First off – sorry for not posting in 6 months… I was somewhat preoccupied with finishing up my honors and starting my new job at Microsoft. As you may have noticed by my spelling, I’m now in the US and have settled in quite well. But enough about me, on to the blog post!
So, last Tuesday was Patch Tuesday and, lo and behold, my laptop couldn’t connect to Exchange, and my phone hadn’t synced since 3am that morning. Since I was foolish enough to have my server set to automatically install updates (which, by default, happens at 3am) I immediately knew what was wrong. Logging into the server confirmed my suspicions – the server had installed updates and now the Exchange Information Store service was stuck in the ‘starting’ state. I hit reset on the server, blocked my ears as the fans revved to maximum speed while the machine booted and waited. And waited. And waited. Something had gone horribly wrong – the hard drive light had stopped, but I couldn’t remote in; I tried plugging in my monitor – but it simply said “Mode not compatible: 74.9Hz”, most likely because the server hadn’t booted with the monitor connected. I hit the reset button and waited again, this time watching the boot sequence. Two things caused alarm bells to ring in my head – firstly the RAID status was “Verify” not “Optimal” and, secondly, Windows start up never got past “Applying computer settings” (with the “Donut of Doom” spinning ominously to the left of it).

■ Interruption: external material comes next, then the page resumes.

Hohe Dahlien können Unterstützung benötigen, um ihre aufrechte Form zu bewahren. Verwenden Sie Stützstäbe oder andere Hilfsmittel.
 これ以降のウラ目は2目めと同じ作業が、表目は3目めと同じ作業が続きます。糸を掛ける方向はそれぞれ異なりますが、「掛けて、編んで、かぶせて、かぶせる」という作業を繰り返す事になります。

My first reaction was to restore from the last backup – I had nightly backups going and Server 2K8 R2 makes restoring from backups (even onto ‘bare metal’) extremely easy. I rolled back to the last backup but, to my horror, Windows was still stuck at “Applying computer settings”. I tried backups that were even older, but to no avail – the server wouldn’t boot. By this time the fact that the RAID status was still “Verify” had gone from a curiosity in my mind to a possible cause – so I broke the array and attempted to restore onto a single disc, with that failing I recreated the array and tried again. Still nothing. At this point I was pretty desperate, I couldn’t remote in or physically log in, so I pulled out the debugging tools.

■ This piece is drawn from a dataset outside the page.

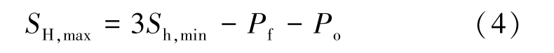 式中:Sh,min 为水平最小主应力,MPa;Pc 为闭合压力,MPa。水平最大主应力可依据下式计算[25]:
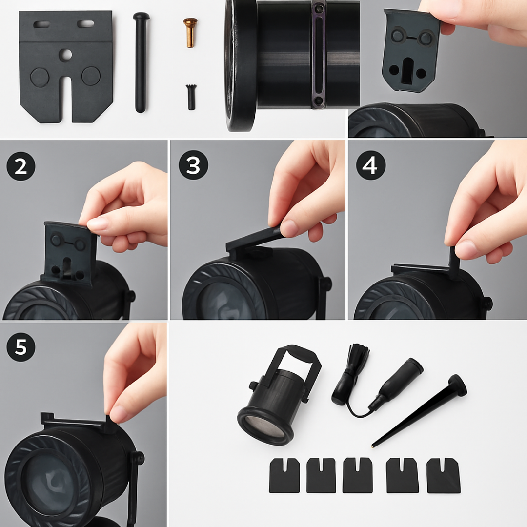 Projektor można wbić w ziemię za pomocą szpikulca lub zamontować na twardej powierzchni dzięki podstawie montażowej. Instalacja trwa kilka minut i nie wymaga żadnych narzędzi.

First up was the old faithful, the most useful tool that ships with Windows and is severely underrated and probably under used – Event Viewer. Even though the server hadn’t booted properly, and my laptop wasn’t on the same domain as the server, Event Viewer still managed to connect to the server. What I saw in the logs (past all of the spam that P3SS generates – I really need to fix that…) is that the MSExchange ADAccess was having 2102 and 2114 events, indicating that it couldn’t find the AD server – which was especially weird since the AD server WAS the Exchange server… But things began to make more sense now.
The “Applying computer settings” part of Windows start up is when a large majority of services running in Windows start. If these services hang then the machine gets ‘stuck’ in this screen. Except that these services should never hang because the Service Monitor is supposed to kill them after 30 seconds. But how do you kill a service that is in the process of “stopping” and refuses to respond? Exchange not finding the AD service meant that either AD or DNS was not running properly. Since I had to provide domain credentials to Event Viewer in order to log into to the server, AD must have been ok – therefore the DNS server had borked. And the easiest way to unbork a DNS server? Yank the network cable.
I pulled out the network cable from the server, and nothing happened. Damn. Perhaps the DNS services was still trying to bind to the static IP of the disconnected network card? So I plugged the cable into the secondary network card (which had a dynamic IP) and… the server finally booted! Logging in I found my theory confirmed again – the DNS service and a number of Exchange services that were set to “Automatic” had not started. I started the services, and everything was running as smooth as butter – so I reset the server. And it got stuck again. A quick switch of network ports and kicking off some services, and we were back in business.
So there you have it – when in doubt, try the other network port!
Addendum: Binging “DSC_E_NO_SUITABLE_CDC” has resulted in a few things to try, including enabling IPv6 (which I don’t really want to do, as it tends to break Outlook Anywhere) and adding the Exchange Server to the “Domain Admins” group… I’ll try some of these over the weekend and let you all know how it goes!
Update: It looks like Travis Wright on the TechNet forums had the correct answer – if you had IPv6 enabled when you installed Exchange 2010, it needs to remain enabled. (In hindsight, this makes sense, as it may have been possible that the DNS service was trying to bind to a non-existent IPv6 address and that the Exchange AD Topology service may have been looking for AD on the IPv6 loopback address, and connecting the cable to the secondary card worked because that secondary card still had IPv6 enabled)